How to prevent spam

The purpose of this turorial is to explain how to minimize spam over both the short term and the long term. Some of the suggestions in this tutorial will require you to have a web site, others you can use as long as you have an e-mail account.

This first method of spam prevention can be performed by anyone with an e-mail account. To start, create a free account at SpamCop. SpamCop is a site dedicated to reporting spammers to their hosting companies. In many cases, spammers are in violation of their contract with their service providers and their accounts can - and have been - revoked because of these reports.

Also, SpamCop keeps statistics on messages that are sent to them which can help software such as SpamAssassin, SpamBayes, and others filter messages more accurately in the future.

Another useful tool is Project Honey Pot; this website creates a "honeypot" that you may place on your site to trap spammers. For a detailed description on what a honey pot is, check the Wikipedia article. Basically, by using a honeypot on your site, you are giving spammers e-mail addresses to send to that are hosted by Project Honey Pot. Any messages sent to these addresses are stored and the senders are added to a black list file that e-mail and anti-spam programs can utilize to block mail in the future.

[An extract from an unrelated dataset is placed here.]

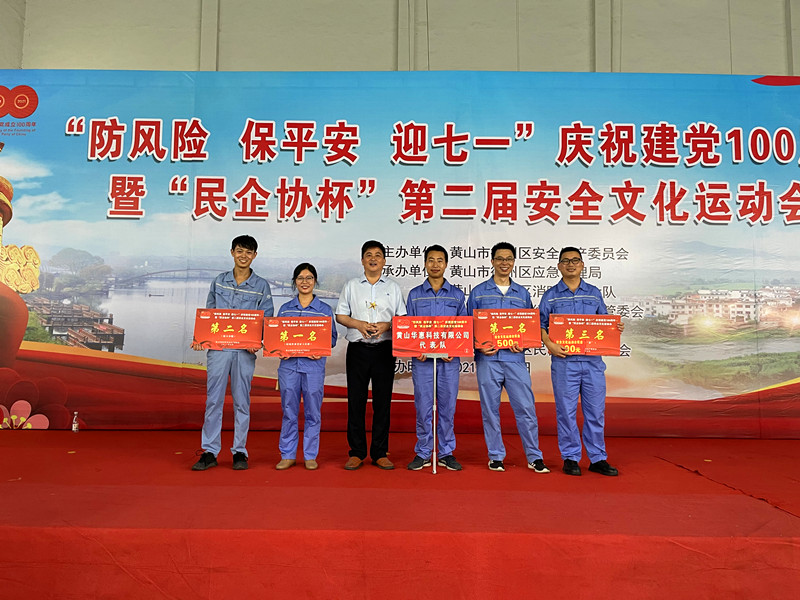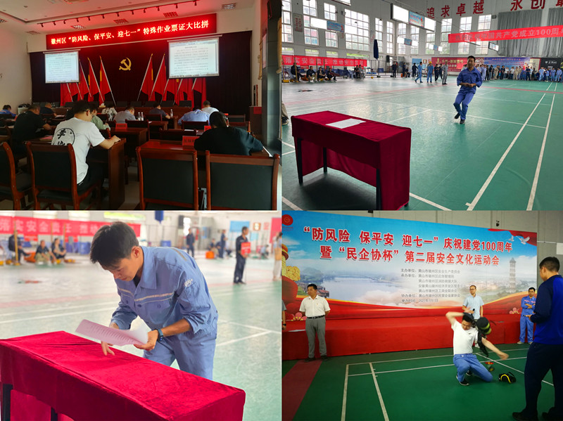 2021年7月1日,華惠科技代表隊(duì)參加了徽州區(qū)舉辦的“防風(fēng)險,保平安,迎七一”慶祝建黨100周年暨“民企協(xié)杯”第二屆安全文化運(yùn)動會,全區(qū)共24家企業(yè)代表隊(duì)共150余人參加此次運(yùn)動會。運(yùn)動會共設(shè)置了大家來找“茬”、特殊作業(yè)票證大比拼、穿戴比拼和接力奔跑等比賽項(xiàng)目。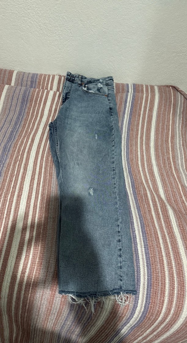 Gri bağlama desenli, yırtmaç detaylı, bol kesim midi uzunlukta kadın denim pantolon. Günlük sokak tarzı için uygun ve rahat.

Project Honey Pot supports many scripting languages, so it should be possible to setup a honeypot and every pay-for host and most of the free ones as well. The links to the e-mail addresses are invisible to visitors to your site, so setting up a trap will not degrade the appearance of your site; also, visitors will not be tempted to click on these links since they cannot see them. If by some random fluke someone does get to your honeypot, a message will be displayed stating that the e-mail addresses listed are "fake" and that users should not send mail to them.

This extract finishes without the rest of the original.